Experiencing traumatic and aversive events in humans can induce several long-term behavioral and physiological disturbances, including changes in sleep.3,4 Sleep alterations also result from exposure to fear conditioning in both rats57 and mice.8,9 One observes changes in vigilance states characterized predominantly by decreased REM sleep (REMS), while NREM sleep (NREMS) remains unaffected.5,6,8

Although the effects of fear conditioning on REMS can be assessed by looking at REMS in toto, various stressors can also alter its microarchitectural pattern (i.e., parcellation of REMS into sequential and single episodes) in rats.10 REMS can be characterized as sequential-REMS (seq-REMS) (comprised of REMS episodes separated by ≤ 3 min intervals, which appear in clusters), and single-REMS (sin-REMS) (with episodes preceded and followed by >3 min intervals).10 This distinction is important because stressors such as low ambient temperature and immobilization have differential effects on sin-REMS and seq-REMS.10,11 For example, rats placed in a cold environment show a reduction in REMS amount.
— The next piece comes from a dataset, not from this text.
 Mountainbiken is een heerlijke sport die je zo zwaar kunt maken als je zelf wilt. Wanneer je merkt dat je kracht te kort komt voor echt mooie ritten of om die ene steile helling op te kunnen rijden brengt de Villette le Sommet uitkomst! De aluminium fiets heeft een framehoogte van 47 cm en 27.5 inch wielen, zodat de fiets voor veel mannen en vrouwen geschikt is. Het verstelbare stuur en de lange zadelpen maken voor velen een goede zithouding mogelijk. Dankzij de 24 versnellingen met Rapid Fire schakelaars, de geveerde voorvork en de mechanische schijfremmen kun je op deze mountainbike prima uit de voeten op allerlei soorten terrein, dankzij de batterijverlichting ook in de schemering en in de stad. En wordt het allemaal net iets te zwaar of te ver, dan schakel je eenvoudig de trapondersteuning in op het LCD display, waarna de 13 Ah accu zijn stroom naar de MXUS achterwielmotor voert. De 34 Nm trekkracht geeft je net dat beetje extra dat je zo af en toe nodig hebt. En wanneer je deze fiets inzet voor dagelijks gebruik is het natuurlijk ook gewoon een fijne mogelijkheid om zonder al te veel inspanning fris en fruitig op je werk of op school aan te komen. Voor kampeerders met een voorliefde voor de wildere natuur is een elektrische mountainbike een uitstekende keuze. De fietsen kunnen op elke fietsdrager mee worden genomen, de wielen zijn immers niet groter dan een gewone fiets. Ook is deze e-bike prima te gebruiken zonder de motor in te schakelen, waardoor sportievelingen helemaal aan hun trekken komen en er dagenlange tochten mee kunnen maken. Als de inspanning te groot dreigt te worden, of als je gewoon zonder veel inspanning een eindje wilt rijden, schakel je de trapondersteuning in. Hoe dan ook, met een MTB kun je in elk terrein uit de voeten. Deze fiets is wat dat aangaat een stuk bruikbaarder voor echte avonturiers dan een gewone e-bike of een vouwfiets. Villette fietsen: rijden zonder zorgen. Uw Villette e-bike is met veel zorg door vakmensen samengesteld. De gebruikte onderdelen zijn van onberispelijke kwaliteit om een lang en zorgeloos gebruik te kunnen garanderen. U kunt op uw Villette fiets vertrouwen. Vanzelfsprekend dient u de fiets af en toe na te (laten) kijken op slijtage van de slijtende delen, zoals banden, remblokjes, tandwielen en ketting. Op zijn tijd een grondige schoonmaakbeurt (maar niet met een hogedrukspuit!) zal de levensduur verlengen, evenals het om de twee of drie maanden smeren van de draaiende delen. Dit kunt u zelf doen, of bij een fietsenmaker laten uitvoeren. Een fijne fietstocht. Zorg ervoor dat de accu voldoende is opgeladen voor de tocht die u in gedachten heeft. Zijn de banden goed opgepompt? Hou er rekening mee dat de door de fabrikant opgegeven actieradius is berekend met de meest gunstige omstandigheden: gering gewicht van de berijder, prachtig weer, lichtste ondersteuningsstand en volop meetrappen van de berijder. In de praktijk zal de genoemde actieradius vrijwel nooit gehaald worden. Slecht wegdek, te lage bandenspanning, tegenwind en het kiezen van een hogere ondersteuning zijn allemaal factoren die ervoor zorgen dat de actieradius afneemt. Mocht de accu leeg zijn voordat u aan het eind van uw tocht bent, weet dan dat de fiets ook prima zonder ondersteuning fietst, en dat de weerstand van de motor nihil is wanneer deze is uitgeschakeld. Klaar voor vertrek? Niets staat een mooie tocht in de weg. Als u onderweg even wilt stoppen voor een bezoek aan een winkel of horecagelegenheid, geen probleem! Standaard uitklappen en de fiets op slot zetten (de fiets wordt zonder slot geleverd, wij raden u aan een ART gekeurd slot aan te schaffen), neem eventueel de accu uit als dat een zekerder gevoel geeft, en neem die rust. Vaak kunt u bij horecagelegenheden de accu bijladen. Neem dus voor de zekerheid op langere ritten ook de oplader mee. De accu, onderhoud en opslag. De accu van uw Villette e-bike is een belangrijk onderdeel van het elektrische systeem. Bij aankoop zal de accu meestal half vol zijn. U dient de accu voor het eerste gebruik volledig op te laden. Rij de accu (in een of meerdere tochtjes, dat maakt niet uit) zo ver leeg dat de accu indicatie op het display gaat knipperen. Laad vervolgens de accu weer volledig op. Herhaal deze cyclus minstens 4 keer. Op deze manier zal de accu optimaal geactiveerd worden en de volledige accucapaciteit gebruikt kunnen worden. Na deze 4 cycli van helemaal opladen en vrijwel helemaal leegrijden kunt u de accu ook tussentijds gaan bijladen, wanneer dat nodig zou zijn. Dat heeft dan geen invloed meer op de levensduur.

During the recovery period at a normal room temperature, REMS is increased via an increase in the number of seq-REMS bouts. Because temperature is not tightly regulated during REMS due to an absence of hypothalamic control, Amici et al10 suggest that the brief intervals of wakefulness or NREMS punctuating a REMS cluster allow sufficient REMS to be made up by ensuring short periods of homeostatic regulation of the body during a cluster, and that this could not occur, were the REMS deficit to be made up by extended periods of sin-REMS. Similarly, after immobilization stress, the increase in REMS is associated with only a modest increase in sin-REMS, but a considerable increase in seq-REMS, which may result from recovery from sleep deprivation during the immobilization procedure.11 A bimodal distribution of REMS intervals also exists in other species, including humans.10

Altered sleep quality and/or quantity can itself be stressful to an organism and contribute to the emotional and behavioral disturbances symptomatic of psychiatric disorders. We have reported that exposure to fear-inducing tones (the CS), previously paired with brief, mild electrical footshock, alters both REMS and its microarchitecture,5 but the persistence of these effects over time has received less research attention.8 Interestingly, there is often a progressive increase in memory strength over time following an aversive stimulus (measured as a change in the magnitude of the freezing response), without further exposure to the stimulus itself: this has been referred to as an incubation process.12 Therefore, in this study, we evaluated the impact of reexposure to fearful cues on the sleep architecture and REMS microarchitecture of rats, both 24 hr (short-term effect, Day 1) and two weeks (long-term effect, Day 14) after conditioning. In addition, we examined the effects of reexposure to the CS on a more common behavioral index of anxiety, freezing. We and others have reported earlier that military veterans with PTSD have increased phasic muscle activity during REMS1315; hence, we also evaluated the frequency of myoclonic twitches as a measure of phasic REMS events.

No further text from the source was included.